— DIRECTIONS FOR THIS TASK —
Pictures in the records below must be left out. Return exactly the lines from the line with "VINTAGE PINK GLASS" to the line with "行至中庭,四方围合出一处小景", both included.

— INFORMATION GIVEN —
____

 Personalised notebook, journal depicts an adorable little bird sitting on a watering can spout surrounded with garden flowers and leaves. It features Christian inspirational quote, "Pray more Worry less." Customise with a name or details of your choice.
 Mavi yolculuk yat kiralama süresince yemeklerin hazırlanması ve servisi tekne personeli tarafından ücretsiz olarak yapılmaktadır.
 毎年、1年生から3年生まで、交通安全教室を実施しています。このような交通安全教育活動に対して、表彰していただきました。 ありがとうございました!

____

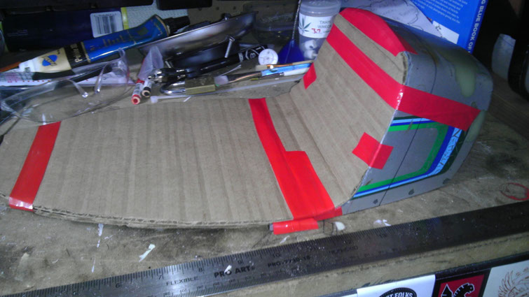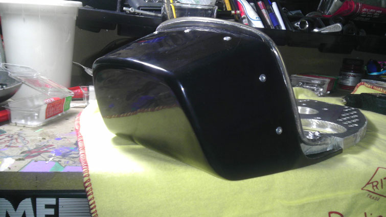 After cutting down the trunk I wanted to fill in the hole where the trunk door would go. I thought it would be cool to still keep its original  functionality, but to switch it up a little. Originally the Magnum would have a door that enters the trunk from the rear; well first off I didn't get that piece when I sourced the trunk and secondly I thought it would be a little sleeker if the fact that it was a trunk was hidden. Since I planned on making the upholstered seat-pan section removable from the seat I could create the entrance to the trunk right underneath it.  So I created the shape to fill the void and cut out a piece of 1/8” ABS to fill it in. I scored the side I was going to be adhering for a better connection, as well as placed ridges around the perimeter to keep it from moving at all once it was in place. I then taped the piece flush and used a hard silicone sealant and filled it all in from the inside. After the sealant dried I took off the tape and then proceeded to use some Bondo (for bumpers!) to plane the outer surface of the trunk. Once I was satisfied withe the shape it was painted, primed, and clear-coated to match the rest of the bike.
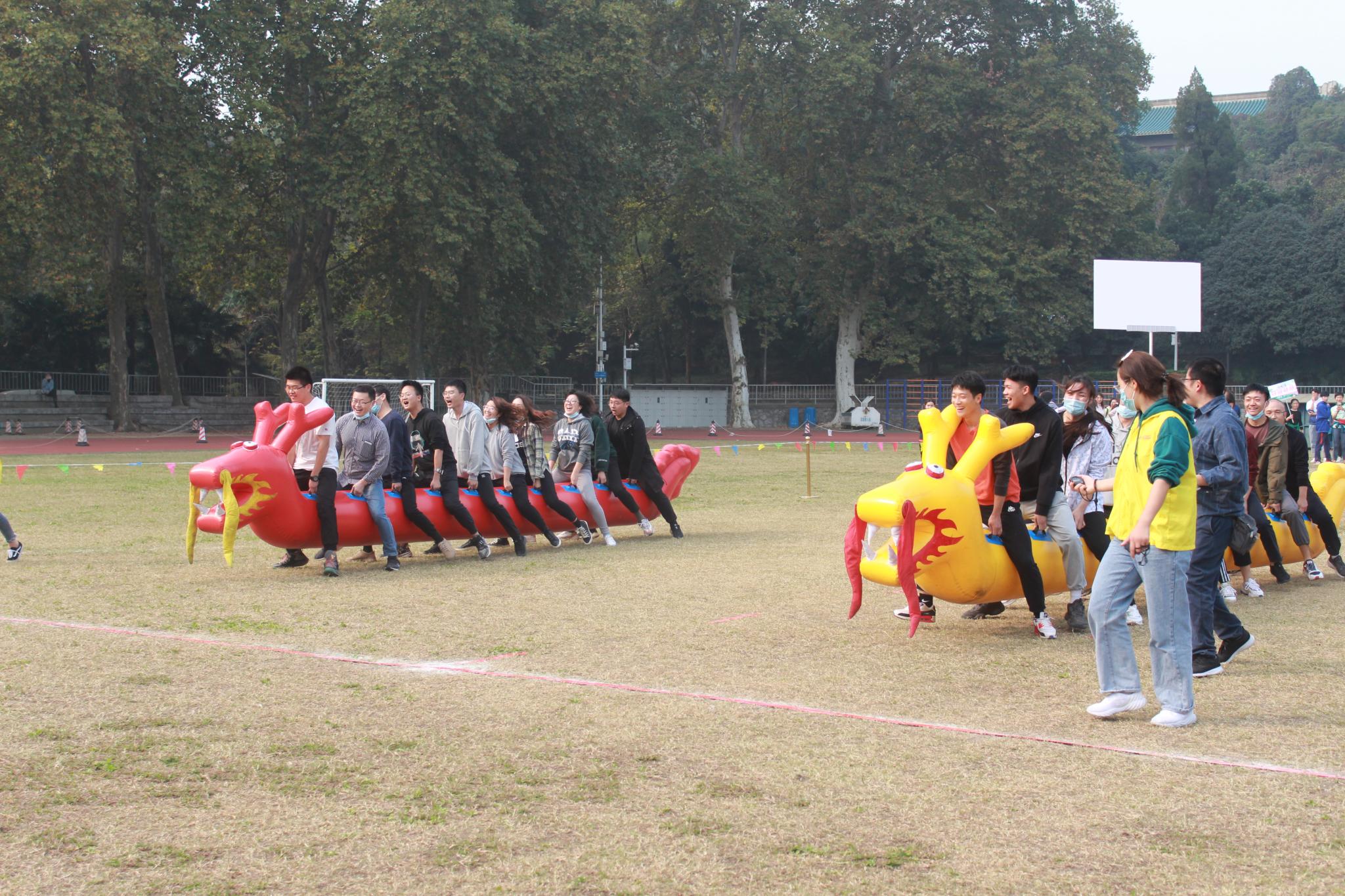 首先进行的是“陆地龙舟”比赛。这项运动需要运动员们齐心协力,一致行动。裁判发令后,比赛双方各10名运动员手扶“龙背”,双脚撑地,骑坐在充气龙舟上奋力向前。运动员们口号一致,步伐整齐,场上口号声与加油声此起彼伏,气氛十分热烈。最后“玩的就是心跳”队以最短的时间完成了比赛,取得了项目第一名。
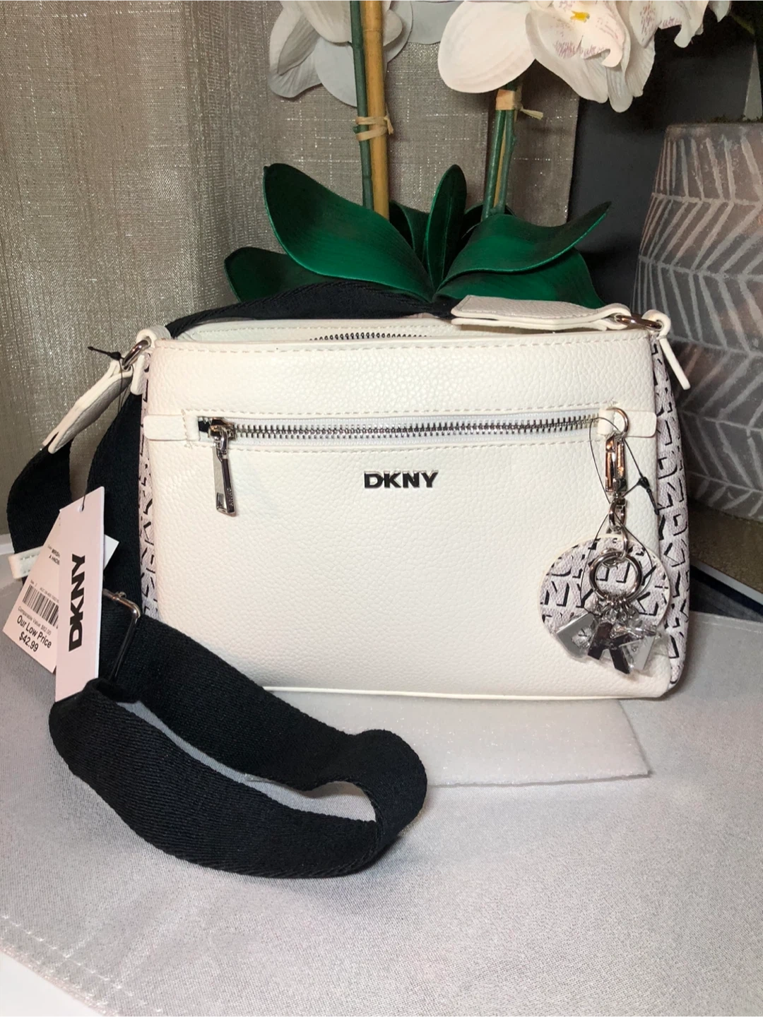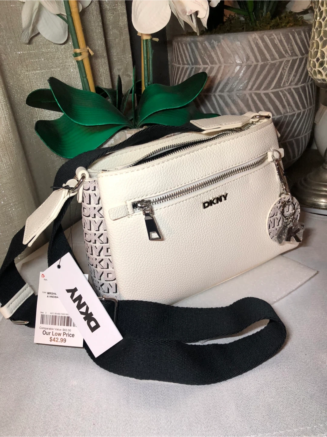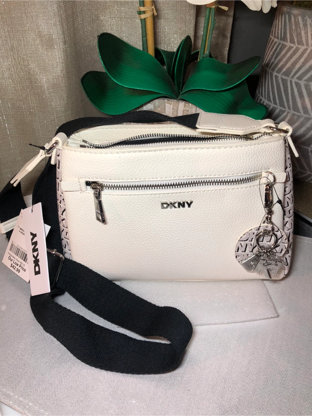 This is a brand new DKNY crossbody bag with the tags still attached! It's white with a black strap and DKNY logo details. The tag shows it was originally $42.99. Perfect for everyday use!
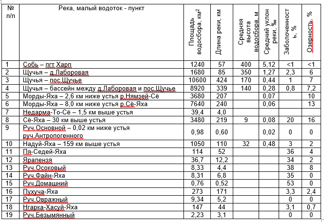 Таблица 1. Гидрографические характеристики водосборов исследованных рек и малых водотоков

____

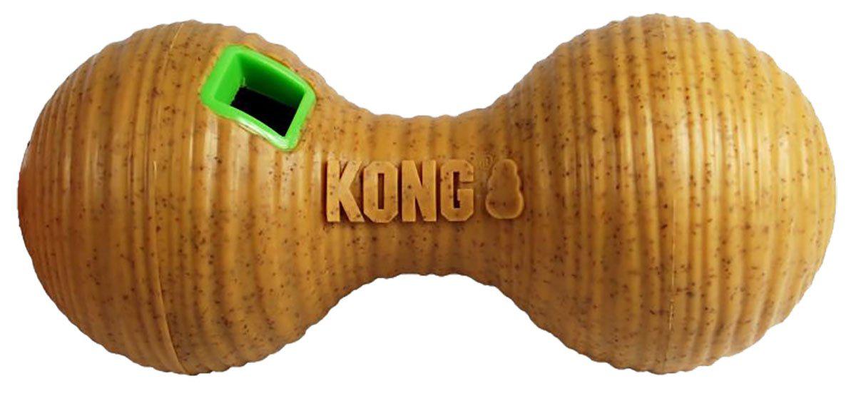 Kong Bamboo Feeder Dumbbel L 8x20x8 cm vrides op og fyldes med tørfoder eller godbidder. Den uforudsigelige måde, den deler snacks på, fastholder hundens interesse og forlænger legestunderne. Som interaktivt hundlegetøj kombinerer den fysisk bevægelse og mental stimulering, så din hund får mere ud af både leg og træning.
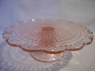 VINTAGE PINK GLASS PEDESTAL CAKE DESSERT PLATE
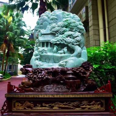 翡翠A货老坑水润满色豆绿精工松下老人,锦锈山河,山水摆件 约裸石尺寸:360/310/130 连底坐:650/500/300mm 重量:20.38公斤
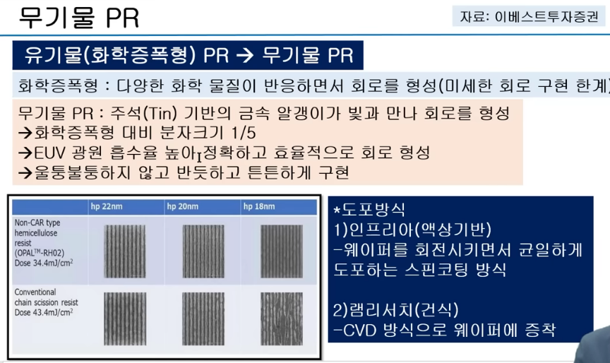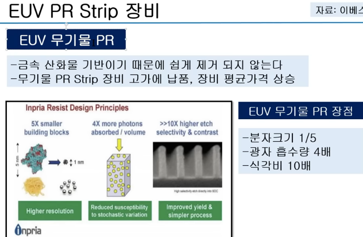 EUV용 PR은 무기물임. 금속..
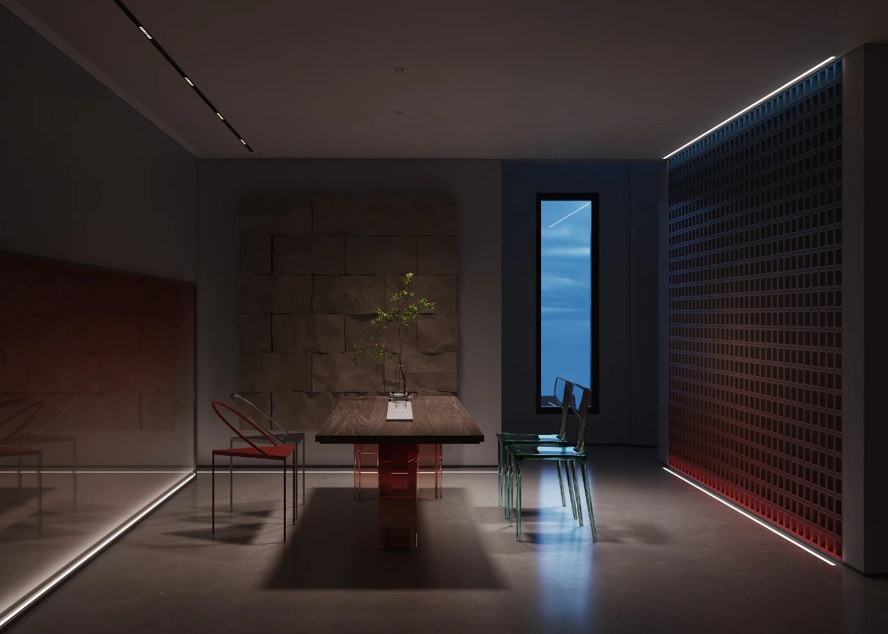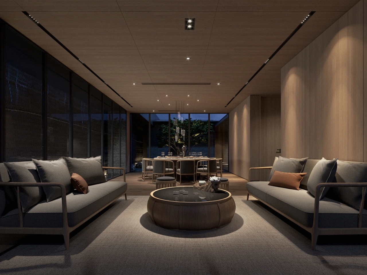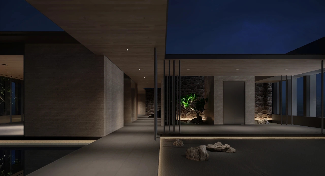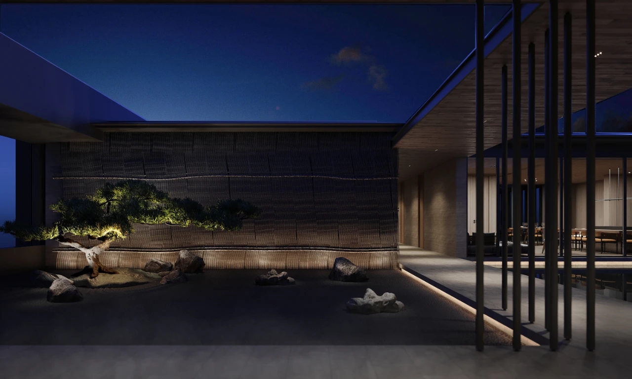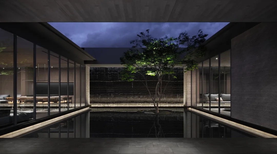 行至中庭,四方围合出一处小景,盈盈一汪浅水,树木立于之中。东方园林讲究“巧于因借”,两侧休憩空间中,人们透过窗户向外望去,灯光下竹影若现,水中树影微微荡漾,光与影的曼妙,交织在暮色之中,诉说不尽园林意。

____

— THE ANSWER —
 VINTAGE PINK GLASS PEDESTAL CAKE DESSERT PLATE
 翡翠A货老坑水润满色豆绿精工松下老人,锦锈山河,山水摆件 约裸石尺寸:360/310/130 连底坐:650/500/300mm 重量:20.38公斤
 EUV용 PR은 무기물임. 금속..
 行至中庭,四方围合出一处小景,盈盈一汪浅水,树木立于之中。东方园林讲究“巧于因借”,两侧休憩空间中,人们透过窗户向外望去,灯光下竹影若现,水中树影微微荡漾,光与影的曼妙,交织在暮色之中,诉说不尽园林意。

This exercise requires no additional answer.